15. Affinity Chromatography
Affinity chromatography exploits the specific binding of a
protein for another molecule, its ligand (e.g. an enzyme for
its inhibitor). The ligand is immobilized on an insoluble
support and packed in a column. On adding a mixture of
proteins, only the protein of interest binds to the ligand. All
other proteins pass straight through. The bound protein is
then eluted from the immobilized ligand in a highly
purified form.
17. Native PAGE
In native polyacrylamide gel electrophoresis (PAGE) proteins
are applied to a porous polyacrylamide gel and separated
in an electric field on the basis of their net negative charge
and their size. Small/more negatively charged proteins
migrate further through the gel than larger/less negatively
charged proteins.
18. SDS-PAGE
In SDS-PAGE, the protein sample is treated with a reducing agent
to break disulfide bonds and then with the anionic detergent
sodium dodecyl sulfate (SDS) which denatures the proteins and
covers them with an overall negative charge. The sample is then
fractionated by electrophoresis through a polyacrylamide gel. As
all the proteins now have an identical charge to mass ratio, they
are separated on the basis of their mass. The smallest proteins
move farthest. SDS-PAGE can be used to determine the degree
of purity of a protein sample, the molecular mass of a protein
and the number of polypeptide subunits in a protein.
19. Isoelectric Focusing
In isoelectric focusing, proteins are separated by
electrophoresis in a pH gradient in a gel. They separate on
the basis of their relative content of positively and
negatively charged residues. Each protein migrates
through the gel until it reaches the point where it has no
net charge, its isoelectric point (pI).
20. Visualization of Proteins in Gels
Proteins can be visualized directly in gels by staining them with the
dye Coomassie brilliant blue or with a silver stain.

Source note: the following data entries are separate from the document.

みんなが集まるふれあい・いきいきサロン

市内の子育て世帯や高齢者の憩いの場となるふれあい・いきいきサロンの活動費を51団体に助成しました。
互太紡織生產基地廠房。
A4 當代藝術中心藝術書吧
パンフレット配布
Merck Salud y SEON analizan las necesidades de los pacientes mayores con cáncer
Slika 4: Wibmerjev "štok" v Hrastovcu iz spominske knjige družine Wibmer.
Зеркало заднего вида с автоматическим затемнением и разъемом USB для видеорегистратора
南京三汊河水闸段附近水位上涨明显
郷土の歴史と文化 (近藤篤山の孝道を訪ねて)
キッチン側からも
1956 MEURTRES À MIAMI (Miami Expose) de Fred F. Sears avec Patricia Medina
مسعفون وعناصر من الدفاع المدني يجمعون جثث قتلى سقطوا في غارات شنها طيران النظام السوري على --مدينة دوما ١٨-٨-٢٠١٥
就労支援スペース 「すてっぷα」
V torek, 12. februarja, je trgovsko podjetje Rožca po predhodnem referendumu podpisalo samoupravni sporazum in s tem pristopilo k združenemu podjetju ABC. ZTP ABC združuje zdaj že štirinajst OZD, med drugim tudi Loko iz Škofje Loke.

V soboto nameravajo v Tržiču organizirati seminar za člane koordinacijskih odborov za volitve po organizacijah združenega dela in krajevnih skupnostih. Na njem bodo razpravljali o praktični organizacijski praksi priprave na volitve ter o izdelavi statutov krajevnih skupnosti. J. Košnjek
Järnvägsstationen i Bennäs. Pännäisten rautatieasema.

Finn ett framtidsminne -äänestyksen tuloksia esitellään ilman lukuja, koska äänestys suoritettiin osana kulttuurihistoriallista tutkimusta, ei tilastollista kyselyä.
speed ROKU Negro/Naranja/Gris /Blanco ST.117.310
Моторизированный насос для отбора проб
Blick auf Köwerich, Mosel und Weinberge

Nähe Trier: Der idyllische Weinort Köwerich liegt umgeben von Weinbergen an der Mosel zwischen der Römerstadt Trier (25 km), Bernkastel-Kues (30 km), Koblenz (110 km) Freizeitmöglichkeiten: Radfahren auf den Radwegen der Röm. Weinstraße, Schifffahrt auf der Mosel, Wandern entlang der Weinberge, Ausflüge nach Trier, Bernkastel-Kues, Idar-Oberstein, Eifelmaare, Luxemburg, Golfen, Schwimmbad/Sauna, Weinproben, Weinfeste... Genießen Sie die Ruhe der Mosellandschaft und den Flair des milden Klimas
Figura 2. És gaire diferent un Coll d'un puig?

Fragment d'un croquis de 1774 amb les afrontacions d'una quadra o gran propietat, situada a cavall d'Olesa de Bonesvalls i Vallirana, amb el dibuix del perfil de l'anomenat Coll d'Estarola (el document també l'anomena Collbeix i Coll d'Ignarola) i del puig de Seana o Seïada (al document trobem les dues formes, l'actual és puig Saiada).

Radioactively
labeled proteins can be detected by overlaying the gel with X-
ray film and observing the darkened areas on the developed
autoradiograph that correspond to the radiolabeled proteins. A
specific protein of interest can be detected by immunoblot
(Western blot) following its transfer from the gel to
nitrocellulose using an antibody that specifically recognizes it.
This primary antibody is then detected with either a
radiolabeled or enzyme-linked secondary antibody.